My father bore this and other cruelties with fortitude.

Only once did he allow his anger to show. When he first came to the camp, he was ordered to wear a white arm band with black characters saying 'counterrevolutionary element in action." He pushed away the arm band violently and said from between clenched teeth, "Come on and beat me to death. I will not wear this!" The Rebels backed away. They knew he meant it and they had no order from above to kill him.

Here in the camp, the Tings were able to revenge themselves on their enemies. Among them was a man who had been involved in the investigation into them in 1965. He had worked in the underground before 1949, and had been imprisoned and tortured by the Kuomintang, which had destroyed his health. In the camp he soon fell gravely ill, but he had to go on working, and was not allowed a single day off. Because he was slow, he was ordered to make it up in the evenings. Wall posters denounced him for his laziness. One of the posters I saw opened with the words: "Have you, Comrade, noticed this grotesque living skeleton with hideous facial features?" Under Xichang's relentless sun, his skin had become scorched and withered, and was peeling off in great chunks. Also, he was starved out of human shape: he had had two-thirds of his stomach cut out, and could digest only a small amount of food at a time.

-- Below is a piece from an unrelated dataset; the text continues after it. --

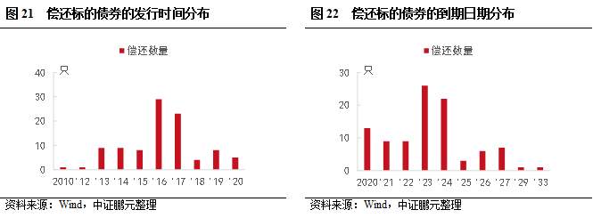 2022年2月,借新還舊企業債發行7只,規模23.37億元,位于單月高位。截至2022年2月,借新還舊企業債共發行67只,發行規模合計318.36億元。其中,2020-2022年分別發行121.39億元、161.60億元、35.37億元。從償還債務類型看,償還2020年到期債券的有45只,發行規模218.19億元,償還2021年到期債券的有22只,發行規模100.17億元。結合發行與償還來看,存在一定時間差,與申報時間有一定關系,若債券發行時,募集資金擬償還債券已用其他資金償還,則可以置換此部分資金。例如,2021年發行的借新還舊債券中,69.7%是用于償還2020年到期債券,2022年已發行的借新還舊債券均用于償還2021年到期債券本息。

Because he could not have frequent meals, as he needed to, he was permanently starving. One day, in desperation, he went into the kitchen to look for some pickle juice. He was accused of trying to poison the food. Knowing he was on the verge of total collapse, he wrote to the camp authorities saying that he was dying and requesting to be spared some heavy jobs. The only answer was a venomous poster campaign. Soon afterward he fainted in a field under the blazing sun, as he was spreading manure. He was taken to the camp hospital and died the next day. He had no family at his deathbed. His wife had committed suicide.